Various types of endoluminal prostheses have also been developed
with a particular structure to modify the mechanics of the targeted
vessel wall.
[0003] A number of vascular devices have been developed for
replacing, supplementing, or excluding portions of blood vessels.
These vascular devices include endoluminal vascular prostheses and
stent grafts. Aneurysm exclusion devices, such are used to exclude
vascular aneurysms and provide a prosthetic lumen for the flow of
blood. Vascular aneurysms (abnormal dilation of a blood vessel) are
usually the result of disease or a genetic predisposition, which
can weaken the arterial wall and allow it to expand. Aneurysms can
occur in any blood vessel, but most occur in the aorta and
peripheral arteries, with the majority of aneurysms occurring in
the abdominal aorta or the aortic arch. An AAA (abdominal aortic
aneurysm) typically begins below the renal arteries and extends
into one or both of the iliac arteries. A TAA (thoracic aortic
aneurysm) typically occurs in the ascending or descending
aorta.
[0004] Aneurysms, especially abdominal aortic aneurysms, were
historically treated with open surgery procedures where the
diseased vessel segment is bypassed and repaired with an artificial
vascular graft. While open surgery was and is an effective surgical
technique in light of the high risk associated with a fatal
abdominal aortic aneurysm rupture, the open surgical technique
suffers from a number of disadvantages. It is complex, requires a
long hospital stay, requires a long recovery time, and has a high
mortality rate. Less invasive devices and techniques have been
developed to avoid these disadvantages.

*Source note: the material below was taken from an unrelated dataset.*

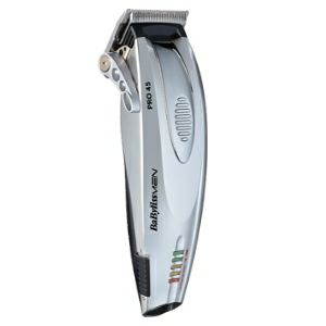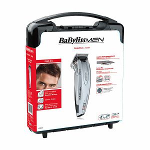 E962E Šišač za kosu BaByliss Iz asortimana profesionalnih proizvoda Elektrokemijski premaz: iznimna oštrina XL oštrice od 45 mm Nehrđajući čelik Pomična oštrica: debljine 0,8 mm Fiksna precizna oštrica: debljine 4 mm Profesionalan motor Rad motora: postepena regulacija za garantirane rezultate čak i na gustoj kosi Preciznost od 0,6 mm 8 vodilica za češalj: 3-25 mm Ugrađeni kontrolni kotačić za preciznost 1 vodilica za bradu: 0,5 do 3 mm Bežična i upotreba na struju: 40 min rada Brzo punjenje: 30 min punjenja za 10 min rada LED: indikator rada Četka za čišćenje, ulje, kukica za čišćenje, škarice, češalj

Tubular endoluminal
prostheses that provide a tubular graft for blood flow while
excluding blood flow to the aneurysm site are introduced into the
blood vessel using a catheter in a less or minimally invasive
technique. The tubular endoluminal prosthesis is introduced in a
small diameter compressed configuration and expanded at the
aneurysm. Often referred to as stent grafts, these tubular
endoluminal prostheses are used to secure tubular graft material
held open in a sealing engagement with the vessel wall by one or
more stents as a support structure.
[0005] Stent grafts for use in aortic aneurysms typically include a
support structure supporting woven or interlocked graft material.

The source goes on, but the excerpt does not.